Generated by DocFX

Parameter (Technical)

The Parameter object is used internally by NeuralNet. Parameter encapsulates the weight matrices and the bias vectors that correspond to each layer.

Mathematical Operations

Through supporting basic mathematical operations, such as addition, scalar multiplication and component-wise operations, Parameter can be treated like a single vector in calculations. This makes it easy to implement custom gradient descent algorithms.
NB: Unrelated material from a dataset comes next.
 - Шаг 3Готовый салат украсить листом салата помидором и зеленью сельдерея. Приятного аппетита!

Example: Gradient Descent in NeuralNet

Here is an overview of how Parameter is used in NeuralNet to minimise cost through gradient descent.
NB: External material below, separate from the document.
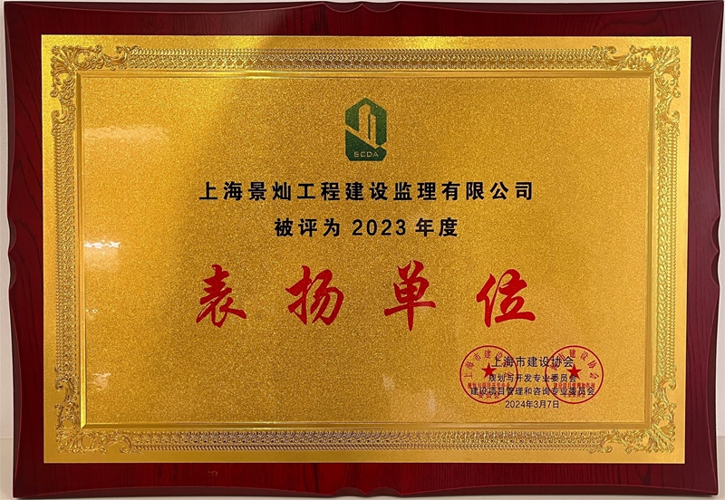 近日,根据上海市建设协会公布2023年度上海市建设协会规划与开发、项目和咨询专委会评选结果文件通知,上海景灿工程建设监理有限公司再获殊荣,被评为2023年度“表扬单位”。

The parameter object param stores the weights and biases used in the NeuralNet. These are used to calculate the layers.

In each gradient descent step, gradient stores the cost gradients of the corresponding entries in param. More explicitly, the ith entry in gradient is the cost gradient of the ith weight/bias entry in param.

step is then added to param to adjust the weights/biases and minimise cost.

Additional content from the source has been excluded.